Using the records below, copy exactly the part that opens with the line holding "国道170号線(外環状線)の" and closes with the line holding "A bright and", minus the pictures.

● **Records to use**:
-- -- --
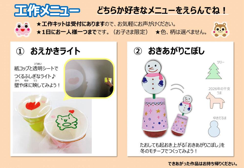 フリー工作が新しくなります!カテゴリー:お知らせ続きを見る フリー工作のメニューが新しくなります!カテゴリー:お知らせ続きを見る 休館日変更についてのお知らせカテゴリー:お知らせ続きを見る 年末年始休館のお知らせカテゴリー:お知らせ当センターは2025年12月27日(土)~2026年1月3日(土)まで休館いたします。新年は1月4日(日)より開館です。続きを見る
-- -- --
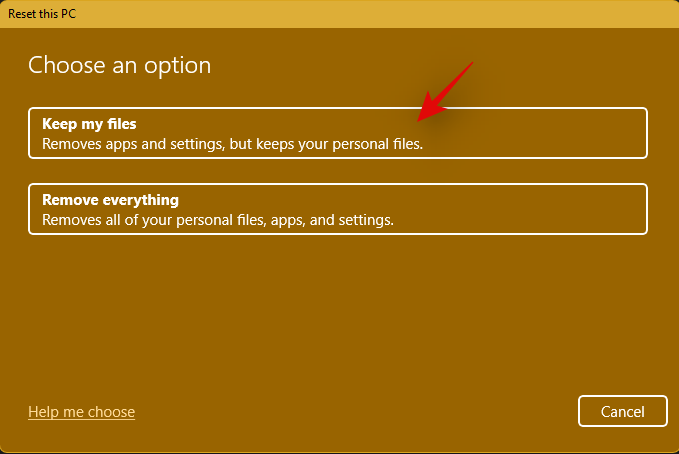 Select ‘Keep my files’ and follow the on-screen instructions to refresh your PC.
-- -- --
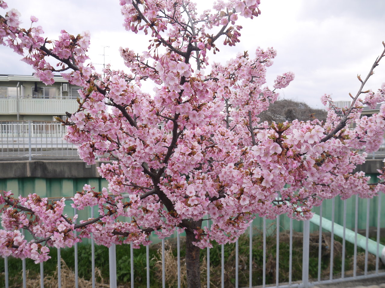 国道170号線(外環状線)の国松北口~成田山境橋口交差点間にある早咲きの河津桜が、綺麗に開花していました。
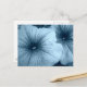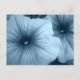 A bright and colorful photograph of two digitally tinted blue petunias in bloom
-- -- --
● **Response to the exercise**:
 国道170号線(外環状線)の国松北口~成田山境橋口交差点間にある早咲きの河津桜が、綺麗に開花していました。
 A bright and colorful photograph of two digitally tinted blue petunias in bloom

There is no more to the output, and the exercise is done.